Fast Passage Re-ranking with Contextualized Exact Term Matching and Efficient Passage Expansion

Abstract

BERT-based information retrieval models are expensive, in both time (query latency) and computational resources (energy, hardware cost), making many of these models impractical especially under resource constraints. The reliance on a query encoder that only performs tokenization and on the pre-processing of passage representations at indexing, has allowed the recently proposed TILDE method to overcome the high query latency issue typical of BERT-based models. This however is at the expense of a lower effectiveness compared to other BERT-based re-rankers and dense retrievers.
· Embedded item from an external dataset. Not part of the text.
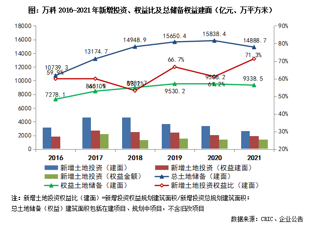 2021年,萬科保持量入為出的投資態(tài)度,全年新增土地投資規(guī)模略有降低。年內(nèi),萬科累計(jì)新獲取項(xiàng)目148個(gè),總規(guī)劃建筑面積2667.4萬平方米,權(quán)益規(guī)劃建筑面積1901.4萬平方米;權(quán)益地價(jià)總額約1401.5億元,新增項(xiàng)目平均地價(jià)為6942元/平方米。2021年,萬科新增投資權(quán)益占比71.3%,較2020年明顯提升且處于近年來的較高水平。

In addition, the original TILDE method is characterised by indexes with a very high memory footprint, as it expands each passage into the size of the BERT vocabulary.

In this paper, we propose TILDEv2, a new model that stems from the original TILDE but that addresses its limitations. TILDEv2 relies on contextualized exact term matching with expanded passages. This requires to only store in the index the score of tokens that appear in the expanded passages (rather than all the vocabulary), thus producing indexes that are 99% smaller than those of TILDE. This matching mechanism also improves ranking effectiveness by 24%, without adding to the query latency. This makes TILDEv2 the state-of-the-art passage re-ranking method for CPU-only environments, capable of maintaining query latency below 100ms on commodity hardware.

One potential drawback of TILDEv2, compared to the original TILDE, is the extra passage expansion process required at indexing. This is an expensive process if performed using current passage expansion methods. However, we address this by adapting the original TILDE model to serve as a passage expansion method. Compared to current expansion methods, our proposed method reduces the passage expansion time by 98% with only less than 1% effectiveness loss on the MS MARCO passage ranking dataset (and even improvements on other datasets). We further show that our expansion approach generalises to other ranking methods that rely on expansion.